Далее В. Кожинов утверждает, что осмысление веры «под силу только богато одаренным и высокообразованным людям» и приводит в качестве примера всемирно известного философа М. Бахтина, которого хорошо знал. Пример, на мой взгляд, не самый удачный, потому что Михаил Михайлович и воспитан был в православных традициях, и духовно одарен (что видно уже по его ранним работам), и, конечно, мог «прийти» к вере в любых условиях (сам утверждал, что любой подлинно великий разум – религиозен). Не слишком ли высоко поднимает планку В.Кожинов, а вслед за ним и диакон А.Кураев для нынешнего «истинного» православного? Уже поговаривают, что православие превращается в секту высокообразованных интеллектуалов. Сам отец Андрей в передаче на канале «Культура» недвусмысленно подвел своих собеседников к этому выводу. И вообще, складывающаяся ситуация тревожит. С одной стороны, «хоругвеносец» Л.Симанович и иже с ним с провокационными идеями типа причисления к лику святых Ивана Грозного, а с другой – возникает «баррикада» – прибежище для интеллектуалов. Да, «кучкование» свойственно нашему времени и почти каждое такое объединение считает себя «могучей кучкой».

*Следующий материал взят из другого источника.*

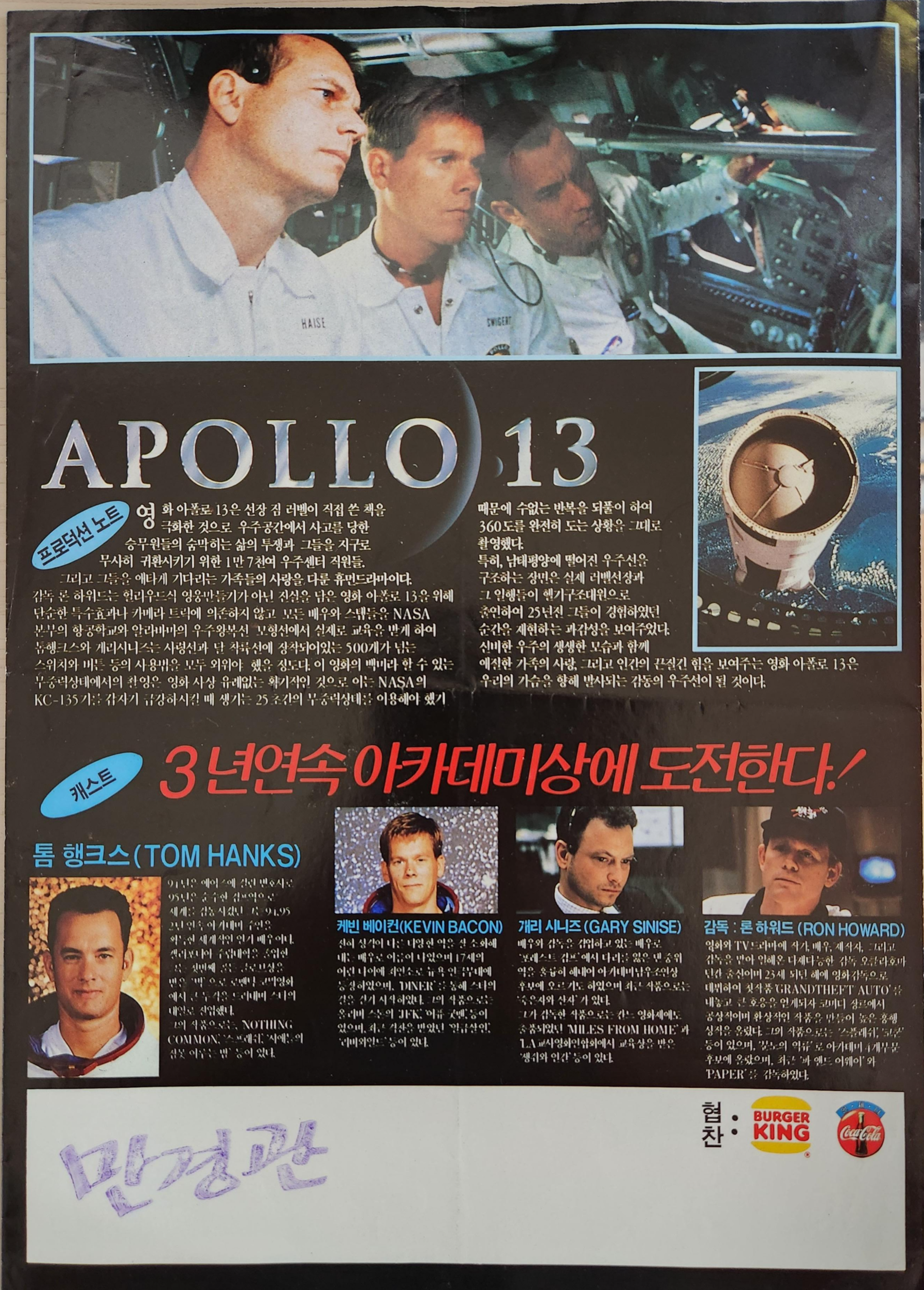 아폴로 13 실화를 다루었기에 무조건 보러 갔었던 것 같네요.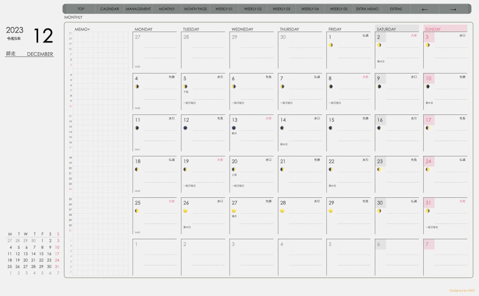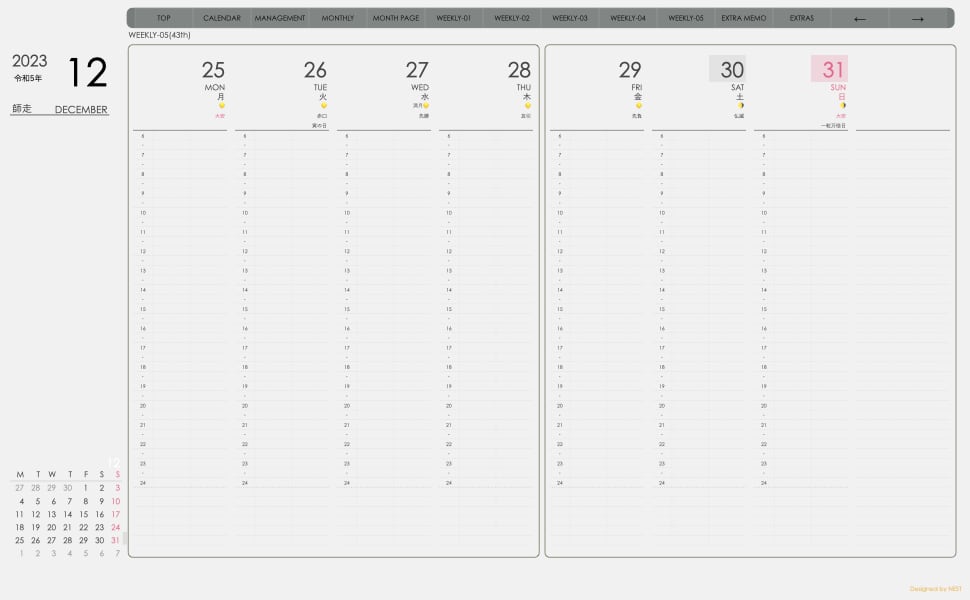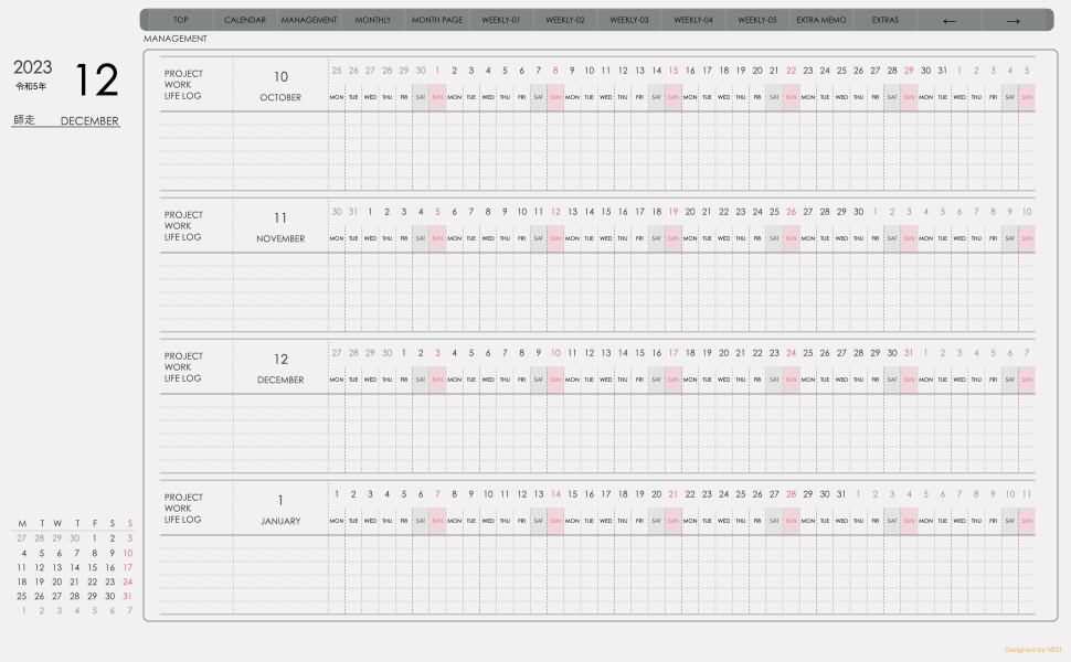 **(week-verticalシリーズ)月曜日始まり2023.12月版**が登場!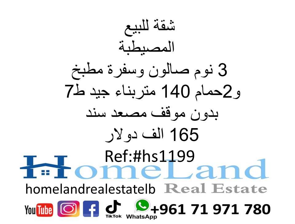 شقة للبيع المصيطبة 3 نوم صالون وسفرة مطبخ و2 حمام 140 متر بناء جيد ط 7 بدون موقف مصعد سند 165 ألف دولار مكتب عقاري للتواصل تلفون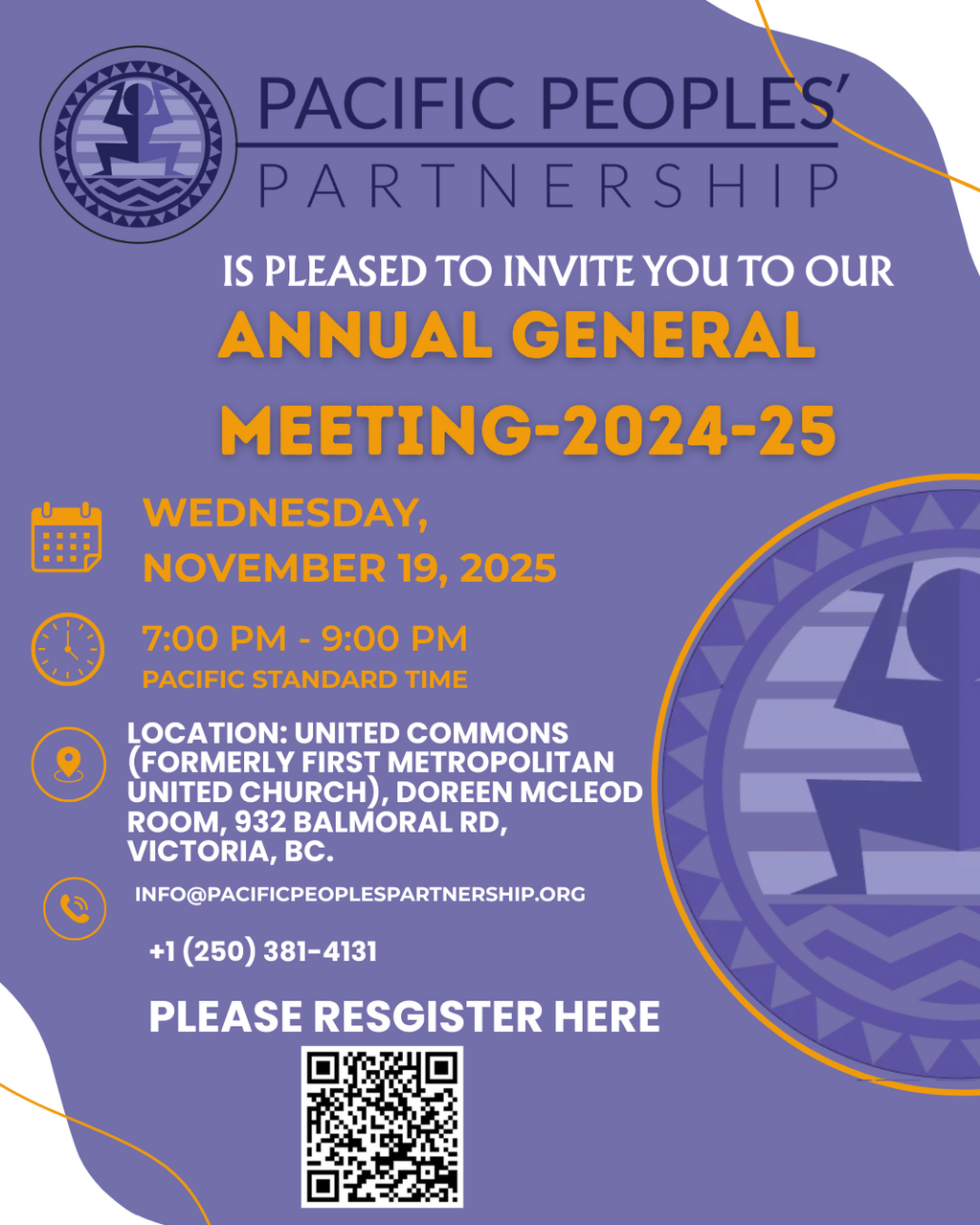 Doors will open at 6:30 PM, and the meeting will begin promptly at 7:00 PM. All PPP members are eligible to attend the AGM and you may bring a friend or family member. Membership includes lifetime members and donors who have contributed in the past year. If you are not currently a member, you may purchase a membership at the door or here: https://pacificpeoplespartnership.org/donate/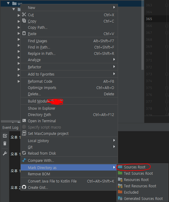 1. src 디렉토리를 Source Root에 추가한다.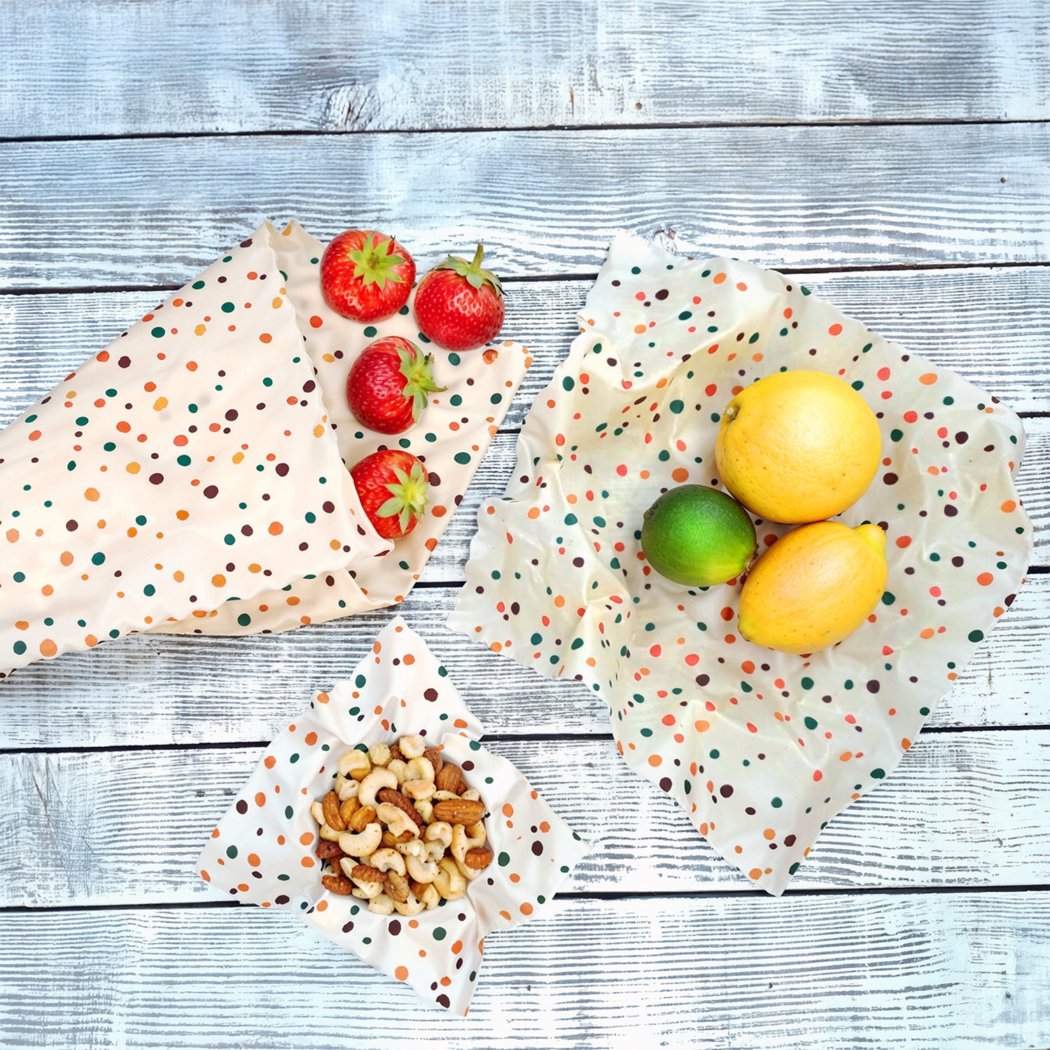 Bivaxdukar med lekfullt asymmetriska prickar i flera olika färger och storlekar.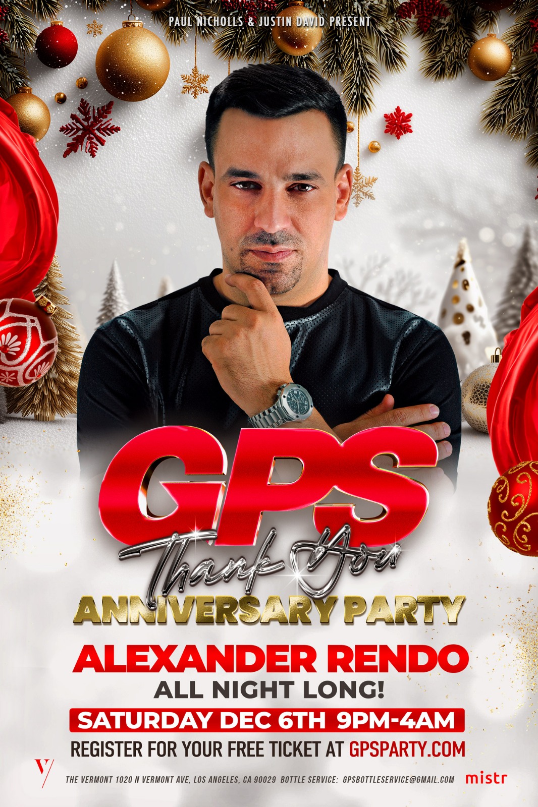 Buy Tickets GA Tickets TICKET TYPEPrice per TicketQuantity GA Early Arrival FREE GA (arrive B4 11pm or $20 fee)(21+)$0.00 STRICTLY 1 TICKET PER PERSON AND EMAIL - DUPLICATE NAMES AND EMAILS WILL BE AUTOMATICALLY VOIDED WITHOUT NOTICE! *ARRIVE BEFORE 11PM OR PAY $20 AT DOOR GA PreSale (arrive anytime)(21+)$18.25 ($15.00face value + $1.54facility fee + $1.71service fee) ARRIVE ANYTIME! VIP Tickets TICKET TYPEPrice per TicketQuantity VIP Early Arrival VIP (arrive B4 11pm or $20 fee)(21+)$23.28 ($19.00face value + $2.00facility fee + $2.28service fee) ARRIVE BEFORE 11PM (OR PAY $20) & ENJOY VIP EXPRESS ADMISSION AND ACCESS! VIP ADMISSION (arrive anytime)(21+)$34.95 ($29.00face value + $2.68facility fee + $3.27service fee) ARRIVE ANYTIME & ENJOY VIP EXPRESS ADMISSION AND ACCESS! Print@Home / Mobile - FREE CHECKOUT SATURDAY DECEMBER 6 - 9pm - 4am THANK YOU FOR A RECORD-BREAKING DESERT HEAT PALM SPRINGS PRIDE! WHAT BETTER WAY TO CELEBRATE OUR ANNIVERSARY THAN WITH A FREE PARTY! GPS: THANK YOU ANNIVERSARY PARTY FULL GPS PRODUCTION AT THE VERMONT HOLLYWOOD! MUSIC BY ALEXANDER RENDO - SPECIAL EXTENDED SET! FEATURING THE GPS DANCERS FREE for the first 1000 people! Get your tickets or Upgrade NOW! Upgrade to VIP for just $10 & get VIP Express Entry, VIP Second Floor Access with VIP Bar & Premium Snacks, Private VIP Restrooms & a VIP Balcony overlooking all the action!

Так для кого же сегодняшнее Православие? Для интеллектуалов или для «люмпенов»? Ответ на поверхности – место среди апостолов нашлось и рыбаку, и мытарю... Вспомним, что учениками Христа были и сотник, и «чиновник» Никодим, и даже Мария Магдалина... Конечно, это прописные истины, но такое уж у нас странное время на дворе, что ничему не удивляешься, даже стиранию из памяти самых обычных вещей, которые приходится напоминать и которые воспринимаются часто в качестве совершенно новых.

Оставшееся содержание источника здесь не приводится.